Winter fragrance I ask Stephen for a few ideas to bring more scent to winter; I imagine I am not alone in wanting a little more interest during the cold and dark time of year. “Early winter can be a tricky time for scents, but there are some:-
I had presumed that most ornamental gardens were planted with smell to the fore, but Stephen debunks that idea: “So many gardens are planted without a thought to scent – perhaps because there has been such a shift to perennials, which are the least-scented group of plants. They’re missing the third dimension – fragrance puts the whole garden into another orbit,” he says. “Shrubs and climbers are often highly scented, possibly because many woodland plants have less opportunity to lure in pollinators visually in shady positions. That’s where scent plays such an important role. Shrubs are out of fashion at the moment – there is no blueprint from a leading designer on how to use them, whereas perennials and naturalistic planting are everywhere but involve few scents. To make matters worse, many beautifully scented plants are sold only for their looks. “Occasionally plants ambush you – you get a wave of unexpected scent. The little pale blue muscari I grow has an incredible scent – I’m straight back to the sweet shops of my childhood – yet this is rarely mentioned in catalogues. I have Phlomis russeliana by the washing line at home, and it took me some time to realise that the soapy scent wasn’t the clothes.” These associations and the pleasure in creating evocative spaces are at the heart of Stephen’s writing and the way he gardens. “The warm coconut of gorse flowers is another scent of my childhood,” he says. “I grow the double-flowered version ('Flore Pleno’) at home as doubles are usually more scented. It flowers for a long time, while being shorter and more compact than regular gorse. American yellow root (Xanthorhiza simplicissima) is a low-suckering shrub with dangly flowers – chocolate-coloured stars in spring that turn yellow. Not long after I planted it, I was transported back to my childhood as I walked past it – it wasn’t the gorse, it was the xanthorhiza, which has a salty, tangy seaweed scent that reminds me of Anglesey.”

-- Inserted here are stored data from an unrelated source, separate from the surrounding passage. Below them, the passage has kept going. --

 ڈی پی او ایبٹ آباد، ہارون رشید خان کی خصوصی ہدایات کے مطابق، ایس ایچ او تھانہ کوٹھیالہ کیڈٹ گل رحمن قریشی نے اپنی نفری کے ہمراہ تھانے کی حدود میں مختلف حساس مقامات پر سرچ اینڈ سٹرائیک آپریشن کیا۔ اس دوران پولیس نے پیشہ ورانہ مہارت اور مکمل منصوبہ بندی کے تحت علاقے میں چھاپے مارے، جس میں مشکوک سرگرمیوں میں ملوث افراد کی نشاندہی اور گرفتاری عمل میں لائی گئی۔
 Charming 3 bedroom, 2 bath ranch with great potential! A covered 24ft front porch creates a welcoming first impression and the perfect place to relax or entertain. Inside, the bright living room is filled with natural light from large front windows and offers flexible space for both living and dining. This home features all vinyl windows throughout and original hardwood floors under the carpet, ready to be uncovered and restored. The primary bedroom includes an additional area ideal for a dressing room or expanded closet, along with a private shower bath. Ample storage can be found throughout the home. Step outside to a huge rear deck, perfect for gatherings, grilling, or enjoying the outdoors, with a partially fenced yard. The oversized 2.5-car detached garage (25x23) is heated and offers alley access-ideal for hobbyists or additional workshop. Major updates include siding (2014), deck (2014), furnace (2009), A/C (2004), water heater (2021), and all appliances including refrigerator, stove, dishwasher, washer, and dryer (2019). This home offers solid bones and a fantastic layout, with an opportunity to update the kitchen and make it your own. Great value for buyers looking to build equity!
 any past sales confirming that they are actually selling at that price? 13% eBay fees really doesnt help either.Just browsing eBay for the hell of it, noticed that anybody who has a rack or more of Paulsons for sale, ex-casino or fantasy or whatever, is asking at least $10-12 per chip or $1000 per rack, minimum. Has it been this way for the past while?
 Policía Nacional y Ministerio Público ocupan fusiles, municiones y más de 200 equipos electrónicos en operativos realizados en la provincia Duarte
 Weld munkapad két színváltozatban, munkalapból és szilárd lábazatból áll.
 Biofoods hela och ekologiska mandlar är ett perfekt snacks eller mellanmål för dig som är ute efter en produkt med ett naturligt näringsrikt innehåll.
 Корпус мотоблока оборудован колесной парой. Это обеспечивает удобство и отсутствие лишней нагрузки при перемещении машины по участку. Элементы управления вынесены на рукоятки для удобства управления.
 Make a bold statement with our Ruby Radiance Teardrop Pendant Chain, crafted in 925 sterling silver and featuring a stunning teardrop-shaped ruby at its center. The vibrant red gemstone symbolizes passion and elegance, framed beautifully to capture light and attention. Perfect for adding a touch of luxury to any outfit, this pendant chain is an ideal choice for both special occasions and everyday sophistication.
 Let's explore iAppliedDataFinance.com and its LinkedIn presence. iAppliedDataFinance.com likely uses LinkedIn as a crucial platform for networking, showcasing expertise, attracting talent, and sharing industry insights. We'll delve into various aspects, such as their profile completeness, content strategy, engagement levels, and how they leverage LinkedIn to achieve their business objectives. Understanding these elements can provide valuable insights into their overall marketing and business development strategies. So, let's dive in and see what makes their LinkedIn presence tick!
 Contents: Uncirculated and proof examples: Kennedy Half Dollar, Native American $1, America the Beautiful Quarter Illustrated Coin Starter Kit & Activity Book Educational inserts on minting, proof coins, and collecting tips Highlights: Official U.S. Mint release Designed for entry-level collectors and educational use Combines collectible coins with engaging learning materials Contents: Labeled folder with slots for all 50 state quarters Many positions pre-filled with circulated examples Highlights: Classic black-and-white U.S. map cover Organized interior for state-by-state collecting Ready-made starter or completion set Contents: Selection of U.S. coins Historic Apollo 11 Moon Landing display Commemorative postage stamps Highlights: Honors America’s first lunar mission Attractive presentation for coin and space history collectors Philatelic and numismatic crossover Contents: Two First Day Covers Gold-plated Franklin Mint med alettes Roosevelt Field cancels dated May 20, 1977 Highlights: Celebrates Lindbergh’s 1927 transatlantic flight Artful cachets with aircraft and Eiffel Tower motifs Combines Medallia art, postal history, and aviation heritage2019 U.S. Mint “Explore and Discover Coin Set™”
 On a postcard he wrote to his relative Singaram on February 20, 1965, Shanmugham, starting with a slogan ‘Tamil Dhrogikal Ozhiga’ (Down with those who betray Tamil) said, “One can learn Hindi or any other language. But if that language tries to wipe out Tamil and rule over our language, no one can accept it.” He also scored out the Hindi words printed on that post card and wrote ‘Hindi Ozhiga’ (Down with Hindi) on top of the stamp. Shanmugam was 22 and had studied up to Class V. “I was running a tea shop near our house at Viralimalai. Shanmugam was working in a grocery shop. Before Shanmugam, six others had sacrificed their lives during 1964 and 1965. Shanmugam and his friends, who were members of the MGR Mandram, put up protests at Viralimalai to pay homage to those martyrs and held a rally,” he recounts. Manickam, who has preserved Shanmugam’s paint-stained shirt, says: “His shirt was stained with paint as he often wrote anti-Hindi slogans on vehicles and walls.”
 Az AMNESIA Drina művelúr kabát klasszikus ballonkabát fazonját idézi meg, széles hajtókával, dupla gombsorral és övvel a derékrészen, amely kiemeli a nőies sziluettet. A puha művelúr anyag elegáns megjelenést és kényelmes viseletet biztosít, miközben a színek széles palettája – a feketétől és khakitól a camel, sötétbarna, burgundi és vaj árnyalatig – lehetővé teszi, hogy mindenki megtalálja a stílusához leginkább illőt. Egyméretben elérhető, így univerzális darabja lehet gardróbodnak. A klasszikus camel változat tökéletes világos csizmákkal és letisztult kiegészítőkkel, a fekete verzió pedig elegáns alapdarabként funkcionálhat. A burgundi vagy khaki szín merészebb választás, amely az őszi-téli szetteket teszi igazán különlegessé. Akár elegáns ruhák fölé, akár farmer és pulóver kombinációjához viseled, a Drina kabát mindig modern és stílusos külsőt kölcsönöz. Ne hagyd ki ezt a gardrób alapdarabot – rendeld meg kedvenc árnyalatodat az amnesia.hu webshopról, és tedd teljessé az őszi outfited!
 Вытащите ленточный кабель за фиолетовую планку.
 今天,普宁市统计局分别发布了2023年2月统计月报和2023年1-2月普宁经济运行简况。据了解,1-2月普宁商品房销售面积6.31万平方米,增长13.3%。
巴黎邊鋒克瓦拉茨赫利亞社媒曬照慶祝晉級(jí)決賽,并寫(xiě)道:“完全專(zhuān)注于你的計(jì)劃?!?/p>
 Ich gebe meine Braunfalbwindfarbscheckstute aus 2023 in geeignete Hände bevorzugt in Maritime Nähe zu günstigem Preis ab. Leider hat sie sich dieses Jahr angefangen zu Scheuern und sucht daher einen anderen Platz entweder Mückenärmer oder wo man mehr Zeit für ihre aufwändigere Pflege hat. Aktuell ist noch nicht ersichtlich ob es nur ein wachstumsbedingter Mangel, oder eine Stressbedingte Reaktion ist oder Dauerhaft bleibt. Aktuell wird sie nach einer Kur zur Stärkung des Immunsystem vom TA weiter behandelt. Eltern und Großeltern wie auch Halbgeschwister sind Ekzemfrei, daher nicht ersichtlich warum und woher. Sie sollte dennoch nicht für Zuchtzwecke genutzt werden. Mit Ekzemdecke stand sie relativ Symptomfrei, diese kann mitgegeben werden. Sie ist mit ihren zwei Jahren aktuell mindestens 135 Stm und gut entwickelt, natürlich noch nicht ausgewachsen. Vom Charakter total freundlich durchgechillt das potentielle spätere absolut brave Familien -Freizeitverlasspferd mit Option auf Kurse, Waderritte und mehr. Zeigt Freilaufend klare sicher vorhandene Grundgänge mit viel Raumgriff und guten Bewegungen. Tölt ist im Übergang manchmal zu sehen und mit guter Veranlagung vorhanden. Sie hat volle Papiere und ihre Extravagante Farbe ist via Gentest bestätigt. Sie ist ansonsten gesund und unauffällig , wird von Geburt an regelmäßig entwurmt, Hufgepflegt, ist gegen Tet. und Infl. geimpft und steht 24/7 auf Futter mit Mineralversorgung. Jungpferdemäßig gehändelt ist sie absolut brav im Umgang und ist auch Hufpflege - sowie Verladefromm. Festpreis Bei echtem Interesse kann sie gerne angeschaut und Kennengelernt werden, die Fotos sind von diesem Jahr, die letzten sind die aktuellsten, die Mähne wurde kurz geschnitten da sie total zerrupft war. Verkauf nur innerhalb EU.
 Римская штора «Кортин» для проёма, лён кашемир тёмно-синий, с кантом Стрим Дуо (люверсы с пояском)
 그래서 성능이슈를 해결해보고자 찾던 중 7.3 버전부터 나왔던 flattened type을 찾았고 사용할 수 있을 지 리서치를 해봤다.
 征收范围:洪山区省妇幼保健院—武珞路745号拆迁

Secrets of scent As well as being a guide to understanding scent and offering suggestions for the inquisitive, Stephen’s book gets into the nitty gritty of planning a garden around scent and getting the best from it. “Building scent into your garden is one thing, but to get the best from it you have to make it easy to enjoy. At Alderley Grange in Gloucestershire – one of the few gardens built around scent – lemon verbenas used to be grown as standards in containers and placed at path junctions, at the right height for the passer-by.” I make a mental note of this for my own plot. “Similarly, planning scent around windows and doors, at heights to suit, fills both the garden and your life with magic. House plants, too – why would you have a house plant that wasn’t scented? I can’t think of a better house plant than Meyer lemon, with its superb thin-skinned fruit and wonderful perfume. “Gardening with scent makes life more evocative and keeps your nose alert, but perhaps most importantly, it’s more fun.” And that is about the finest reason I can think of for planting with scent in mind, and why I’m wondering whether there might be room for a few scented (whisper it) ornamentals at Otter Farm.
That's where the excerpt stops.